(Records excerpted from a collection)

-*-

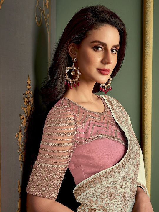 Satrani Floral Embroidered Sequinned Baluchari Saree
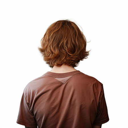 owen stands confidently with his back to the camera, showcasing his stylish wavy hair against a clean white background, creating a striking visual contrast that highlights his modern fashion sense and trendy hairstyle. ai generated
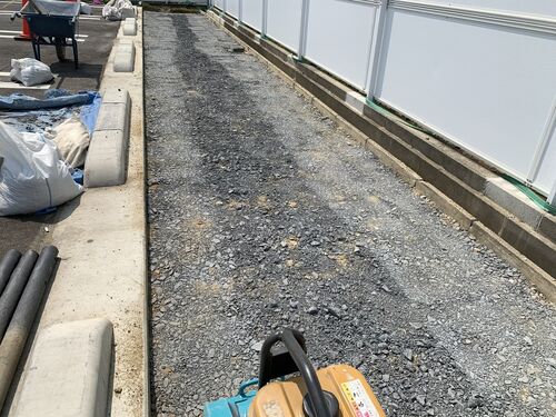 コンクリートの下地は砕石をしっかりと転圧します。 割れ防止のために伸縮目地を均等にいれます。 コンクリート基礎から鉄筋アンカーで固定しメッシュを編み込みます。 コンクリート打設開始。この時期にしては気温が高くコンクリートは柔らかめにしました。…
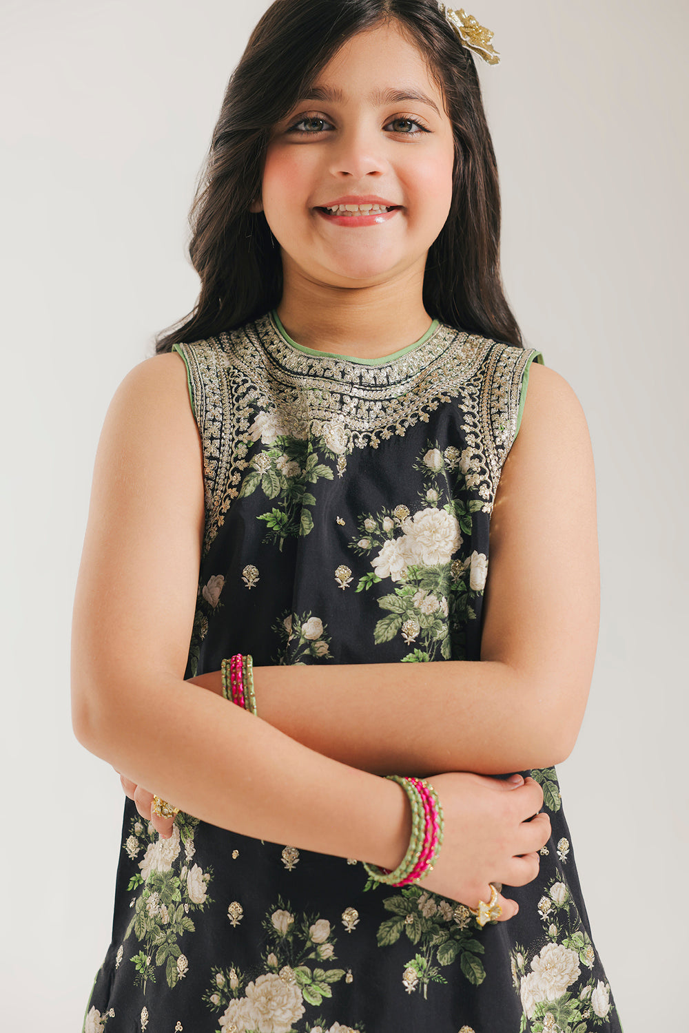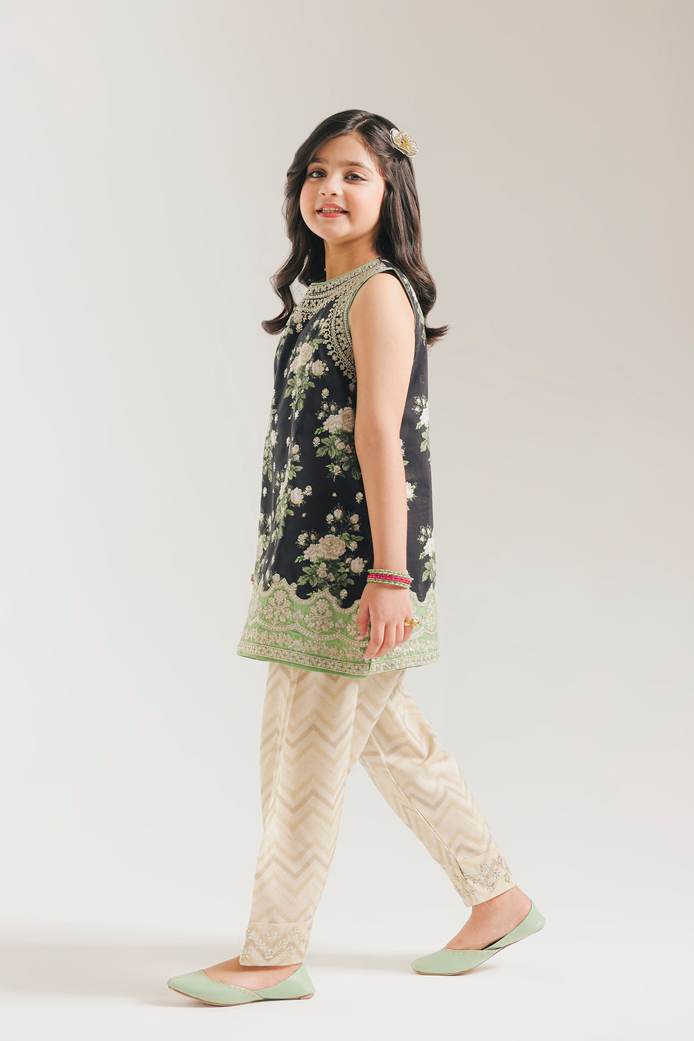 Make a sophisticated and festive statement with this black embroidered suit, featuring a sleeveless tunic that exudes a modern yet traditional charm. The shirt is anchored by a high, rounded neckline intricately detailed with shimmering silver and white embroidery. The tunic is adorned with a lush all-over print of ivory roses and green foliage, perfectly complemented by a dense, decorative mint-green embroidered border along the hemline. This ensemble is paired with cream-colored shalwar featuring a subtle gold chevron pattern and delicate embroidered borders at the ankles. This look offers a polished and graceful aesthetic for any special occasion.
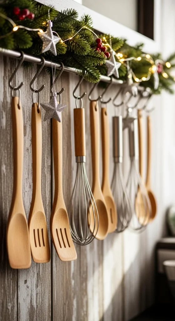 Repurpose your utensil rack into festive decor. Tie tiny ornaments or pine sprigs around your hanging utensils. Add a string of lights across the rail for sparkle. It’s simple, creative, and feels uniquely “kitchen Christmas.” Plus, it’s easy to take down after the holidays.
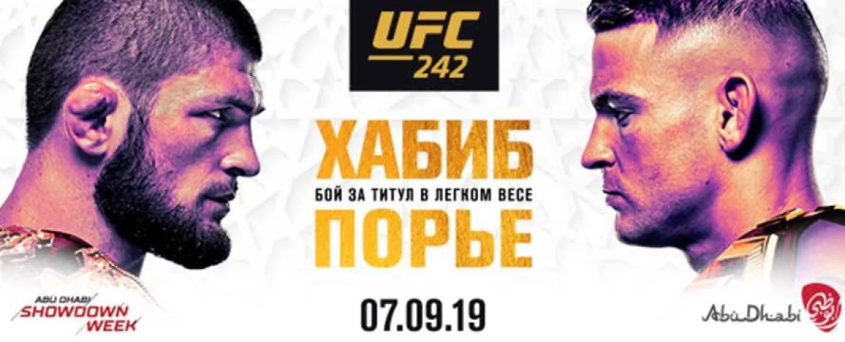 Завтра, 7 сентября 2019 года, состоится самый ожидаемый в России турнир UFC® 242: Хабиб vs Порье, который пройдёт в Абу-Даби (Объединенные Арабские Эмираты). Главным событием вечера станет бой за объединение поясов в легком весе между чемпионом Хабибом Нурмагомедовым и обладателем временного титула Дастином Порье.
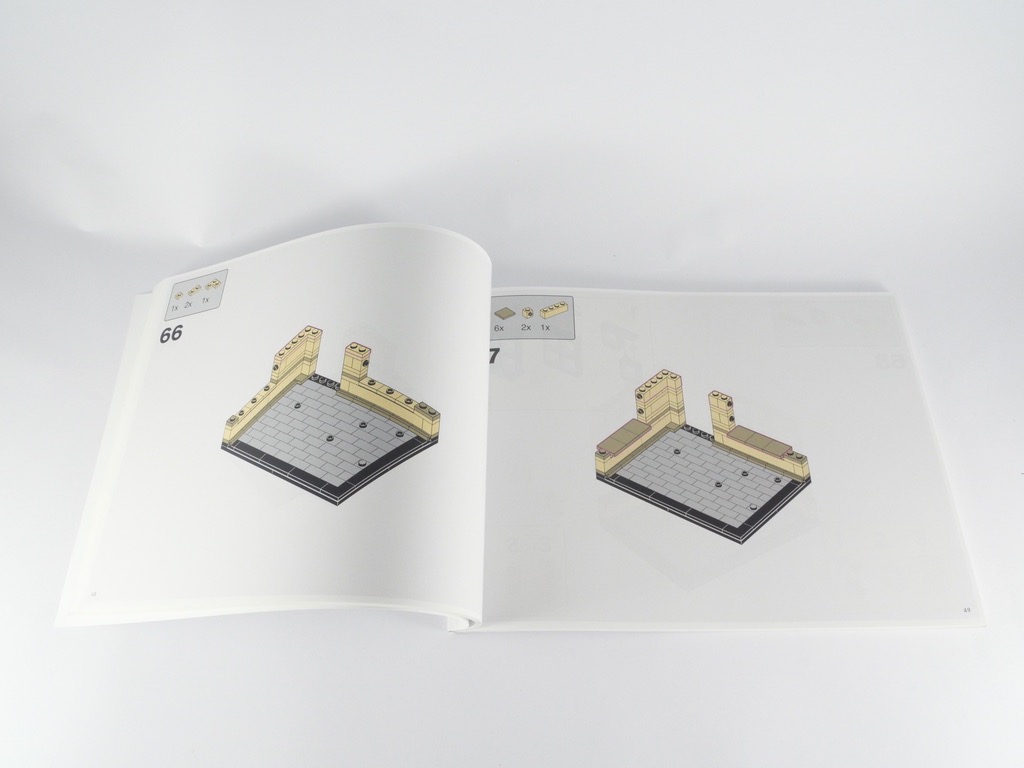 La notice d’instructions fait 158 pages pour 207 étapes de construction. Elle est offerte dans une finition premium dans la veine de la gamme LEGO Architecture, si ce n’est que tout est présenté sur un fond blanc. Au début, nous trouvons quelques mots du designer, et à la fin un guide des couleurs LEGO.

-*-

-- Work instructions --
Pictures aside, every entry above must be repeated exactly.

-- Solution --
 Satrani Floral Embroidered Sequinned Baluchari Saree
 owen stands confidently with his back to the camera, showcasing his stylish wavy hair against a clean white background, creating a striking visual contrast that highlights his modern fashion sense and trendy hairstyle. ai generated
 コンクリートの下地は砕石をしっかりと転圧します。 割れ防止のために伸縮目地を均等にいれます。 コンクリート基礎から鉄筋アンカーで固定しメッシュを編み込みます。 コンクリート打設開始。この時期にしては気温が高くコンクリートは柔らかめにしました。…
 Make a sophisticated and festive statement with this black embroidered suit, featuring a sleeveless tunic that exudes a modern yet traditional charm. The shirt is anchored by a high, rounded neckline intricately detailed with shimmering silver and white embroidery. The tunic is adorned with a lush all-over print of ivory roses and green foliage, perfectly complemented by a dense, decorative mint-green embroidered border along the hemline. This ensemble is paired with cream-colored shalwar featuring a subtle gold chevron pattern and delicate embroidered borders at the ankles. This look offers a polished and graceful aesthetic for any special occasion.
 Repurpose your utensil rack into festive decor. Tie tiny ornaments or pine sprigs around your hanging utensils. Add a string of lights across the rail for sparkle. It’s simple, creative, and feels uniquely “kitchen Christmas.” Plus, it’s easy to take down after the holidays.
 Завтра, 7 сентября 2019 года, состоится самый ожидаемый в России турнир UFC® 242: Хабиб vs Порье, который пройдёт в Абу-Даби (Объединенные Арабские Эмираты). Главным событием вечера станет бой за объединение поясов в легком весе между чемпионом Хабибом Нурмагомедовым и обладателем временного титула Дастином Порье.
 La notice d’instructions fait 158 pages pour 207 étapes de construction. Elle est offerte dans une finition premium dans la veine de la gamme LEGO Architecture, si ce n’est que tout est présenté sur un fond blanc. Au début, nous trouvons quelques mots du designer, et à la fin un guide des couleurs LEGO.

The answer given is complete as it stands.